Dealing with return in the middle of a function

The semantics above assume that return only happens at the end of a function. Your final interpreter, however, should support return anywhere in the body of a function. In particular, One approach to dealing with return is to have a flag in your interpreter that indicates whether 'return' has been executed or not. If the flag gets set to 'returned'. The code to interpret blocks and loops can check this flag before executing the next statement/loop-iteration.

Implementation notes: main

The starter code for this assignment is your Assignment 1. It is recommended that you implement your interpreter using the Visitor interface you created in Assignment 1. The main function should be modified to be like the one shown below. ```java int main(int argc, char** argv) { void* scanner; yylex_init(&scanner); if (argc < 2) { cout << "Expecting file name as argumeent" << endl; return 1; } FILE* infile = fopen(argv[1], "r"); if (infile == NULL) { cout << "Cannot open file " << argv[1] << endl; return 1; } yyset_in(infile, scanner); Statement* output; int rvalue = yyparse(scanner, output); if (rvalue == 1) { cout << "Parsing failed" << endl; return 1; } try { Interpreter interp; output->accept(interp); } catch (InterpreterException& exception) { cout << exception.message() << endl; return 1; } return 0; } ``` Note that the version of main above reads from a file passed as a commandline argument (an earlier version of this read from stdin, but if you do that, you will not be able to use the input function in your programs). We will be testing your interpreter by actually executing some programs and checking their output against that of our reference implementation, so you want to make sure your interpreter does not produce any unnecessary output.

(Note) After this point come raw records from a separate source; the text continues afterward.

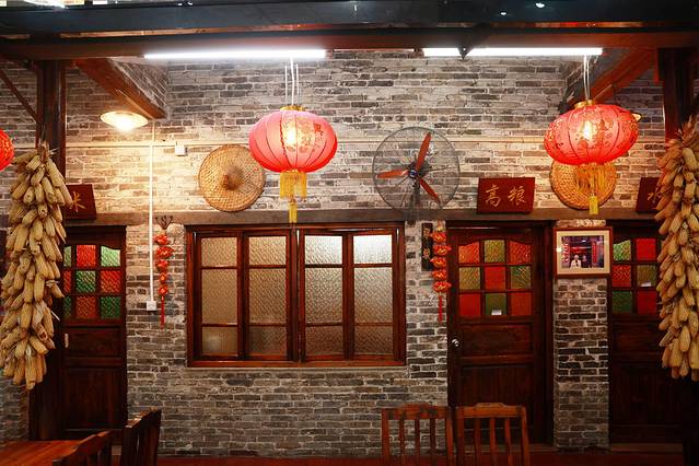 去餐厅吃饭,一个漂亮的有特色的环境,更能让人心情愉悦,这里就感觉不错哟,青砖砌墙,红灯笼装饰,这里那里挂几串玉米,加上暖暖的灯光,氛围感马上就来了。
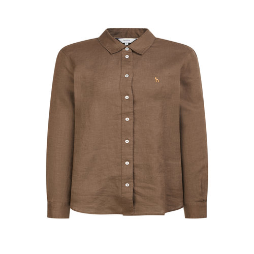 헤지스 여성 [아이코닉] 레귤러핏 린넨 셔츠 브라운 (HSSH6BC30W2)
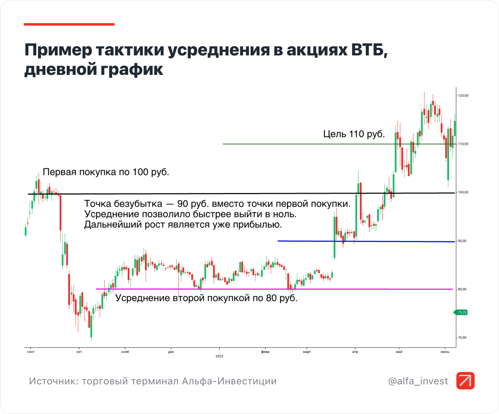 Например, инвестор купил акцию по 100 руб., и цена упала до 80 руб. Он покупает ещё одну акцию, и теперь средняя цена владения составляет 90 руб. Если цена вырастет до 95 руб., инвестор получит прибыль 5,6%, хотя начальная цена (100 руб.) ещё не достигнута.
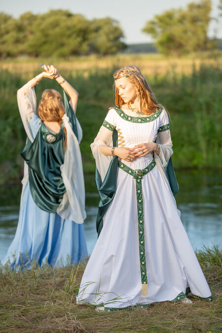 Vêtements médiévaux verts, en polyester, passement et velours, en promotion
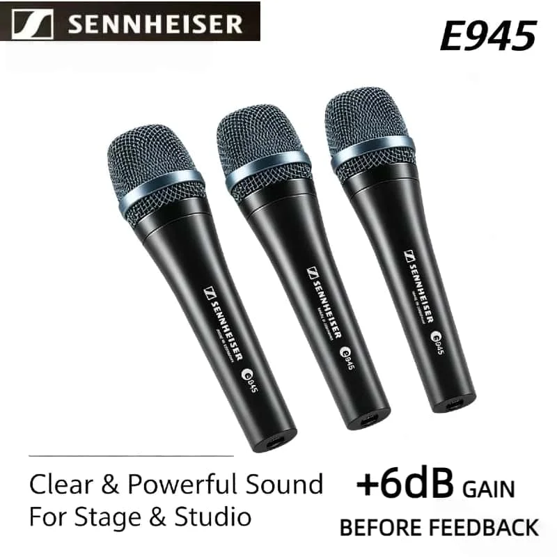 Set Premium di 3 Microfoni Dinamici Sennheiser E945, Supercardioide, per Voce dal Vivo, Microfono Cablato Professionale per Palcoscenico, Originale
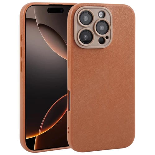 Funda para Teléfono iPhone 16 Pro Tapa Trasera Piel Sintética Lisa (Marrón)
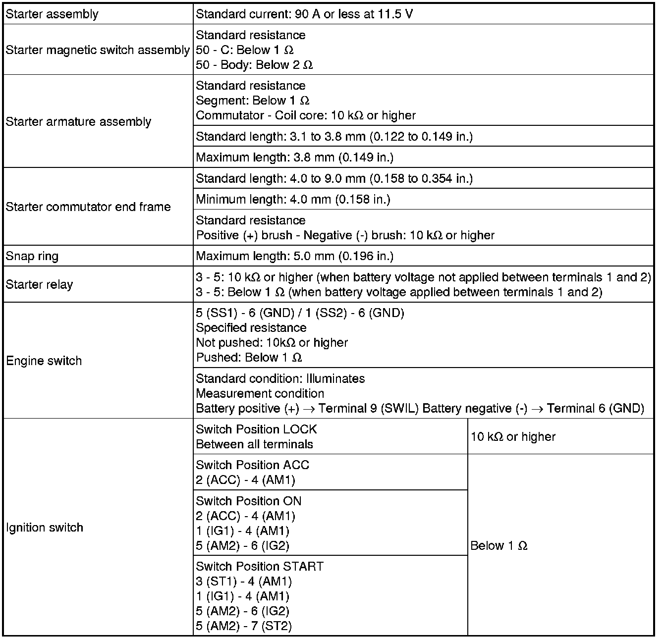 SPECIFICATIONS: 2AR-FE STARTING: SERVICE DATA
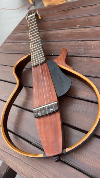 Guitarra Yamaha SLG200N (cuerdas de nylon), en estado casi nuevo, muy poco uso. Ideal para practicar en silencio con auriculares, viajar o grabar. Sonido excelente tanto con auriculares como conectada a amplificador o interfaz. • Modelo: SLG200N • Sistema electrónico Yamaha SRT • Mástil muy cómodo • Funda original Yamaha incluida • Siempre cuidada y guardada correctamente Entrega en mano posible / envío bien protegido. 💰 Precio: 590 € (ligeramente negociable)
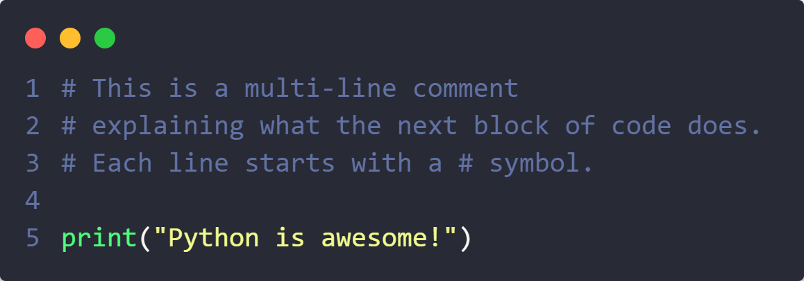 3. Multi-Line Comments (Using Multiple #)
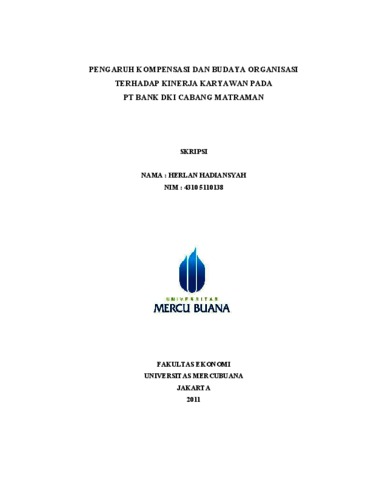 HADIANSYAH, HERLAN (2011) PENGARUH KOMPENSASI DAN BUDAYA ORGANISASI TERHADAP KINERJA KARYAWAN PADA PT BANK DKI CABANG MATRAMAN. S1 thesis, Universitas Mercu Buana Jakarta.
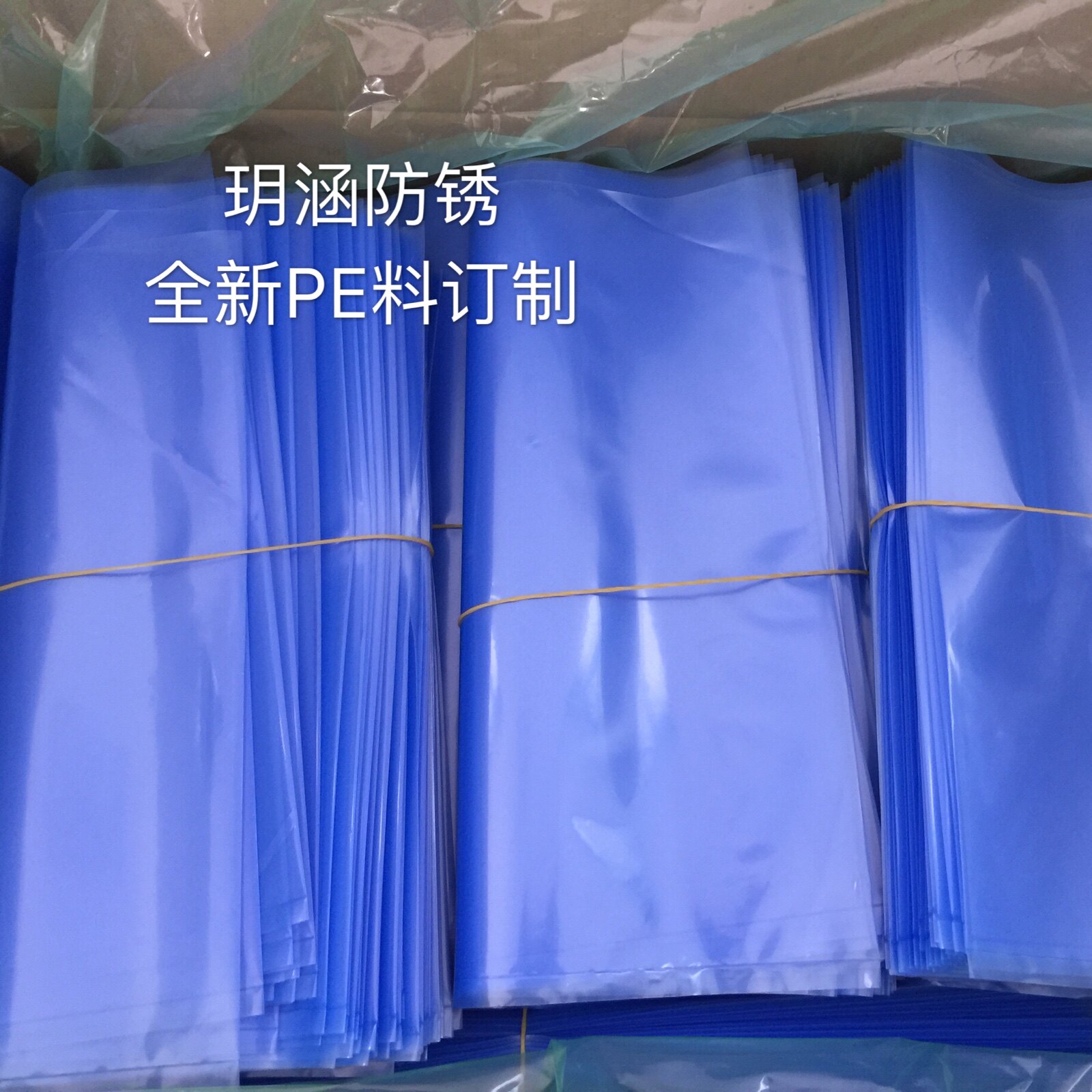 VCI Gas Phase Rust Prevention Bag Inside Fold Bags Flat Pockets Blue Carton Lining PE Plastic Bags
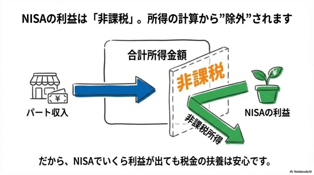 • 税制上の扶養(103万円の壁など): NISAの利益は非課税所得のため、扶養判定の合計所得金額に含まれず、影響はない。
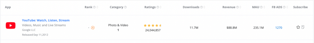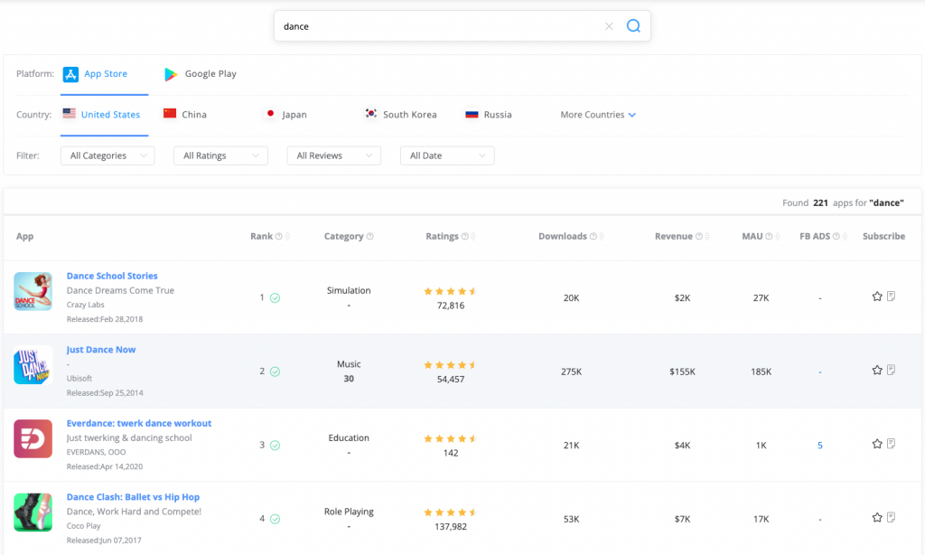 The data displayed in the search results consists of App basic information and app core data. The former can be found and summarized in the store, including title, subtitle, developer, release time, classification, classification ranking, ratings and score. The latter is the core data of ASOTools, including download volume and revenue estimation, MAU estimation, and recent Facebook advertising statistics of the App. The data above only shows the value of last month in the search results. If you need more historical data, you need to subscribe to the app.
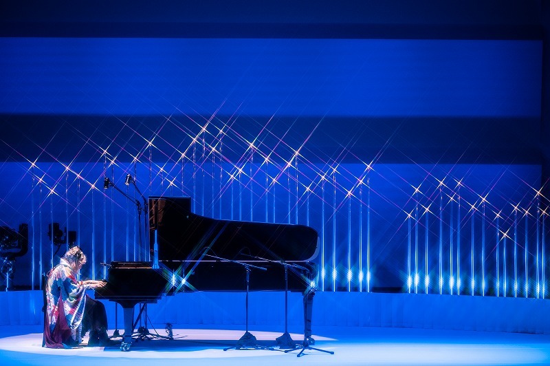 幕が上がると、真っ白だった反響板がブルーのライトで染め上げられ、ピアノの後ろには光を灯した数十本のキャンドルライト風のオブジェが林立している。フジコはといえば、シックでゴージャスな着物風の衣装に身を包んでいる。その美しさにオーディエンスは意表を突かれ、感動の拍手が鳴り止まない。
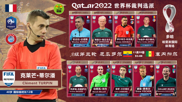 国际足联委派法国名哨克莱芒·蒂尔潘执法厄瓜多尔与塞内加尔的A组出线生死战,足以看出对这场比赛的重视程度。蒂尔潘曾先后于2021和2022年执法欧联、欧冠决赛,并在本届世界杯小组赛第一轮执法了乌拉圭与韩国的较量。
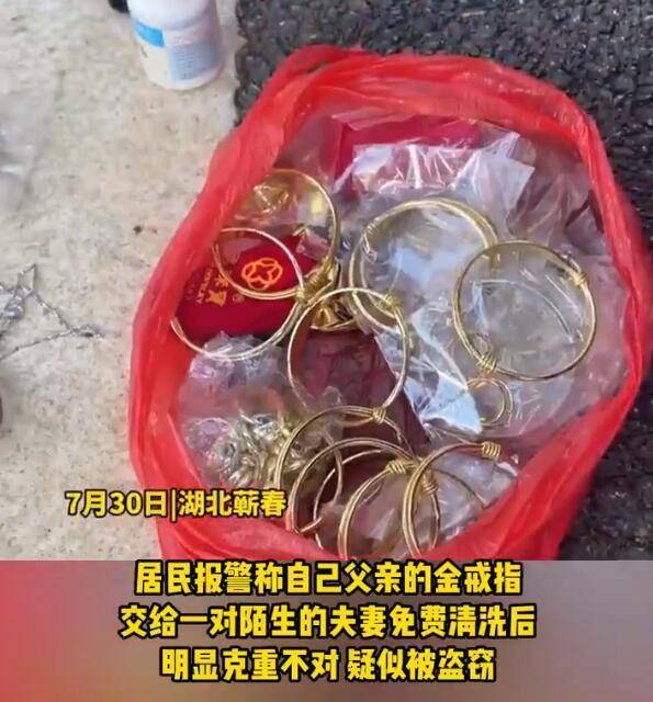 2023年8月,湖北黄冈一居民报警称:自己父亲的金戒指交给一对陌生的夫妻免费清洗后,重量明显不对,比原来少了8克,疑似被盗窃。
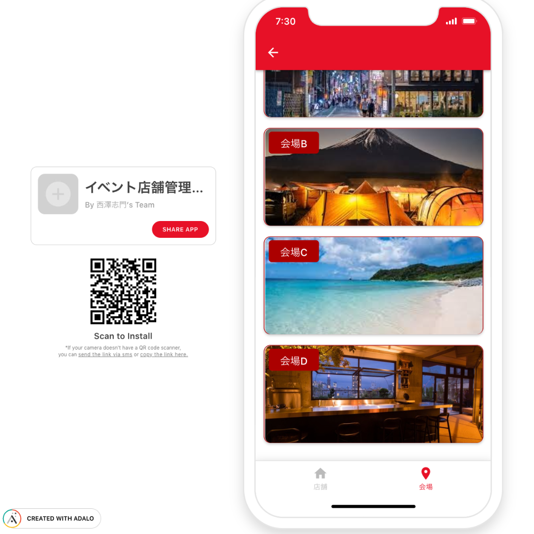 【ノーコードAdalo 開発事例】イベント店舗管理アプリケーション

Implementation notes: Mapping inference rules to visitors

You will be using visitors to implement the inference rules shown above. Note, however, that visit functions in the visitor map from an AST node to void, whereas the evaluation relation like $(\Gamma, h, e) \rightarrow (h,v)$ takes a stack and a heap in addition to the expression, and produces a heap and a value.
The way we are going to deal with this is that we will use instance variables to store both additional inputs as well as return values. For example, when visiting expressions, you want your visitor to return the value of the expression, but since the visit methods are void, the solution is to have an instance variable in the interpreter visitor: ```java Value* rval; ``` Then, when visiting expressions, you can enforce the property that every visit method for an expression sets the value of rval to the value of evaluating that expression. So for example, when visiting a binary expression expr, you can have code like: ```java expr->left->accept(*this); Value* leftVal = rval; expr->right->accept(*this); Value* rightVal = rval; rval = computeBinaryOp(expr->op, leftVal, rightVal); return; ``` In fact, I found it useful to define a method: ```java Value* eval(Expression* exp){ exp->accept(*this); return rval; } ``` Then, the code above can be rewritten as ```java Value* leftVal = eval(expr->left); Value* rightVal = eval(expr->right); rval = computeBinaryOp(expr->op, leftVal, rightVal); return; ``` You can also use an instance variable to keep track of the stack. For example, you can do ```java stack < StackFrame*> frameStack; ``` In the case of the heap, there is no nead to define your own map, since there is already a map from addresses to values you can use: the heap of the language itself! Thus, for example, any point where you are allocating addresses in the semantics can be implemented by actually allocating memory in the implementation (e.g. by using new).


In addition to your parser, you should submit 3 tests named interptest1.mit, interptest2.mit and interptest3.mit. Your tests should not use the "input" function, but should use print. As before, submission of your assigment should be accomplished by pushing your code to a branch with the name a2-submission. The last assignment pushed to this branch before the assignment due date is the one we will grade unless you notify us otherwise.